[Start of Attachment]
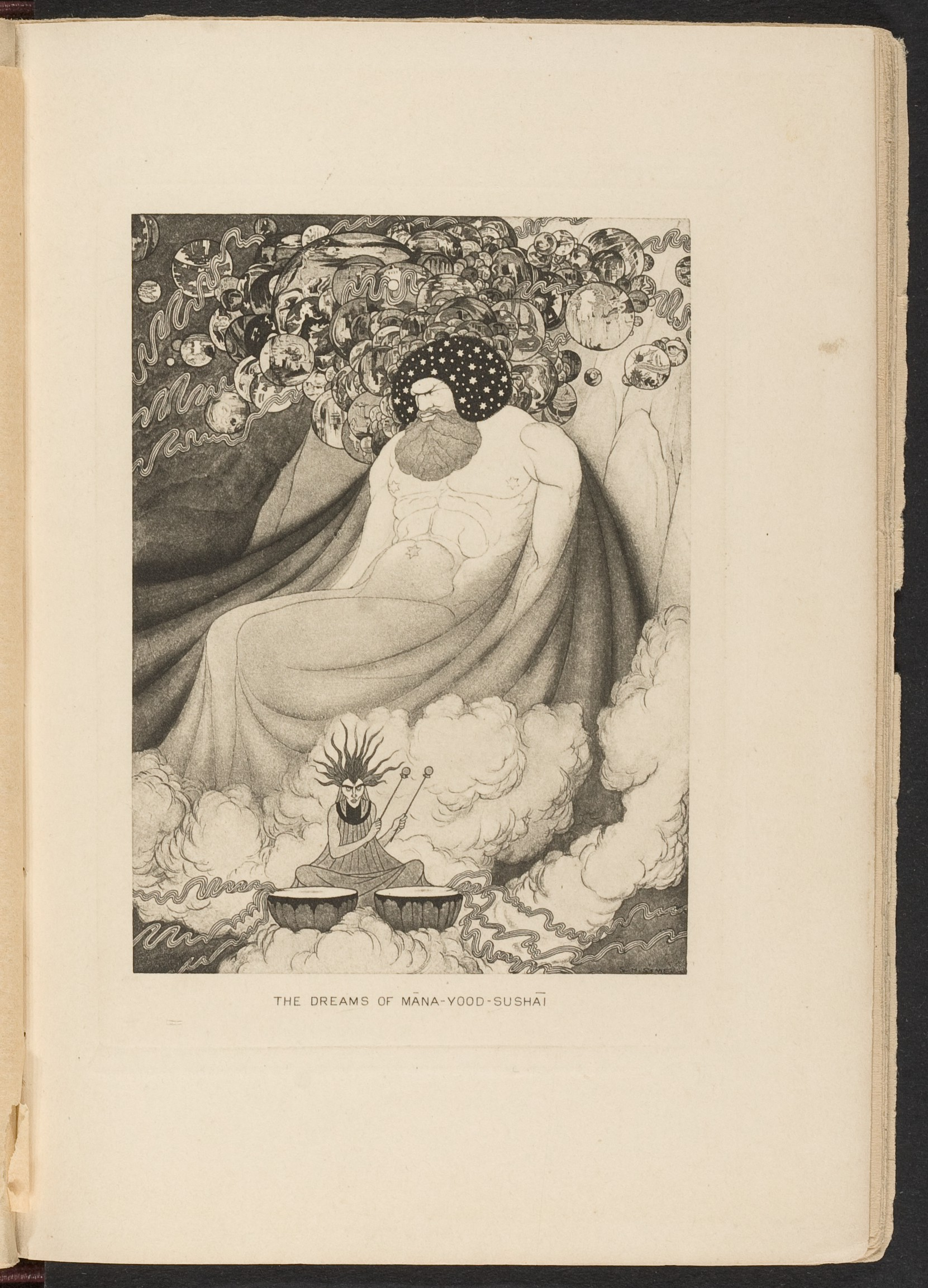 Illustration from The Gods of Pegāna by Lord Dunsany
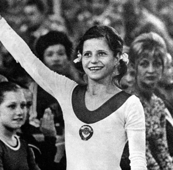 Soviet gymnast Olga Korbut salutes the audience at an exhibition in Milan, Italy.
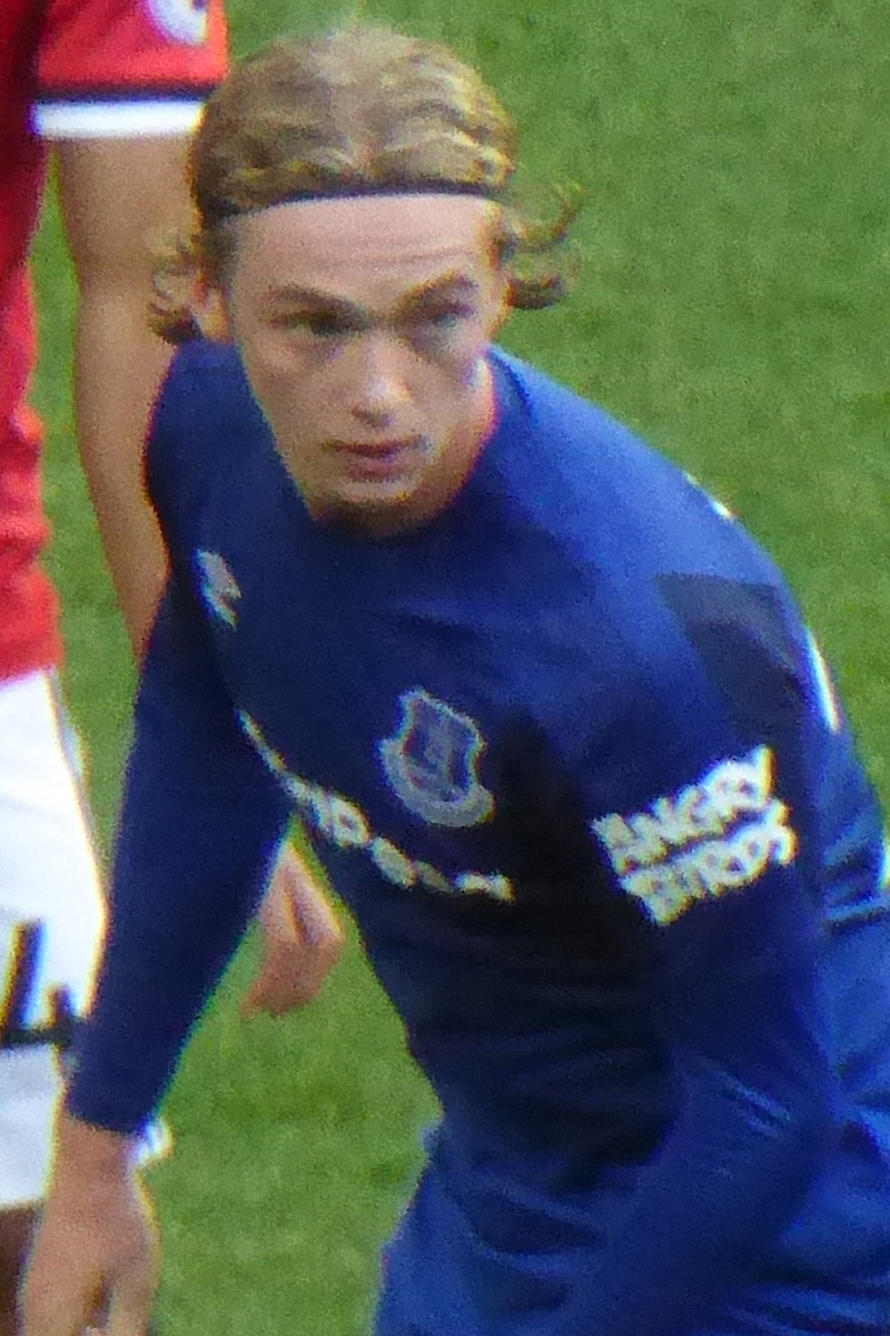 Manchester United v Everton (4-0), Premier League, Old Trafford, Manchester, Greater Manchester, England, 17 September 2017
[End of Attachment]
[Start of Attachment]
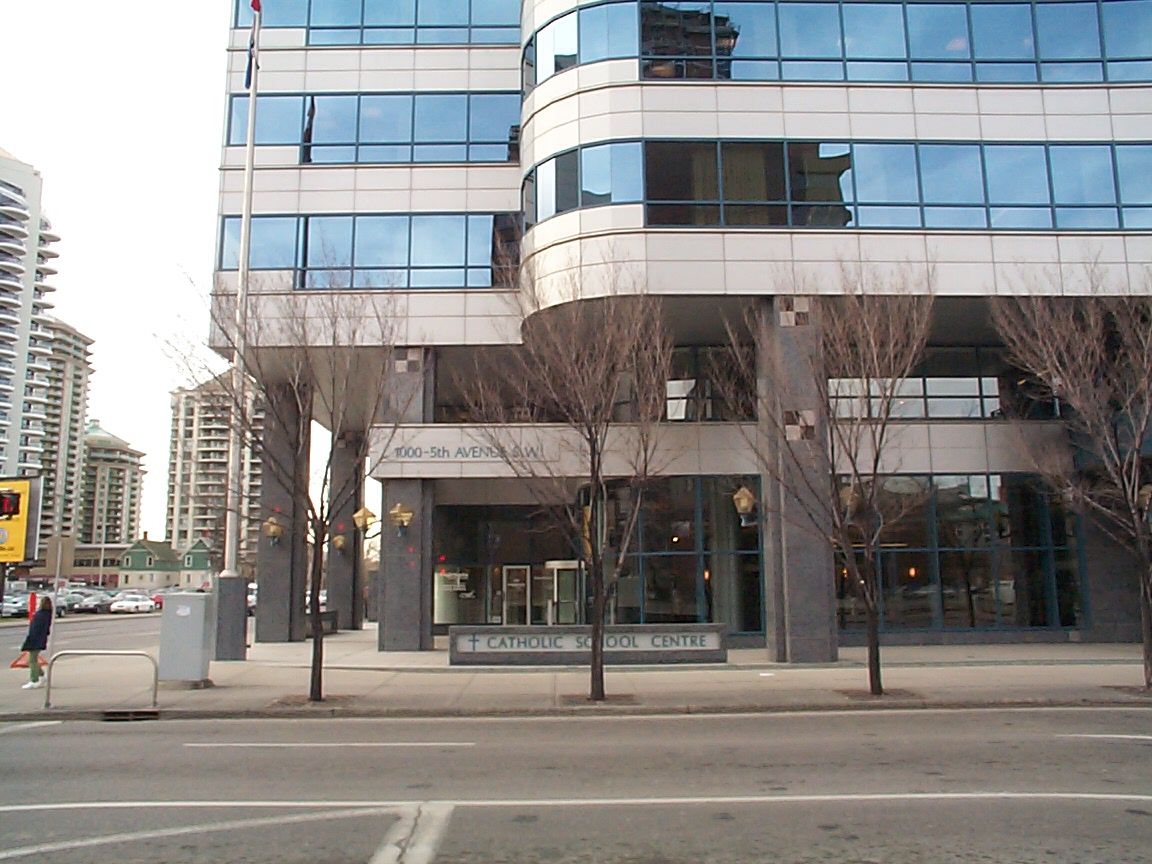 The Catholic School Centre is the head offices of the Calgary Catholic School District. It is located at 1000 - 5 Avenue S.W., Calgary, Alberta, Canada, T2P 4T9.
[End of Attachment]
* _Task directions_:
A verbatim reproduction is expected: starting at the line above that has "Illustration from The", ending at the line that has "Manchester United v", both included, and with no pictures and no other lines.

* _Written answer_:
 Illustration from The Gods of Pegāna by Lord Dunsany
 Soviet gymnast Olga Korbut salutes the audience at an exhibition in Milan, Italy.
 Manchester United v Everton (4-0), Premier League, Old Trafford, Manchester, Greater Manchester, England, 17 September 2017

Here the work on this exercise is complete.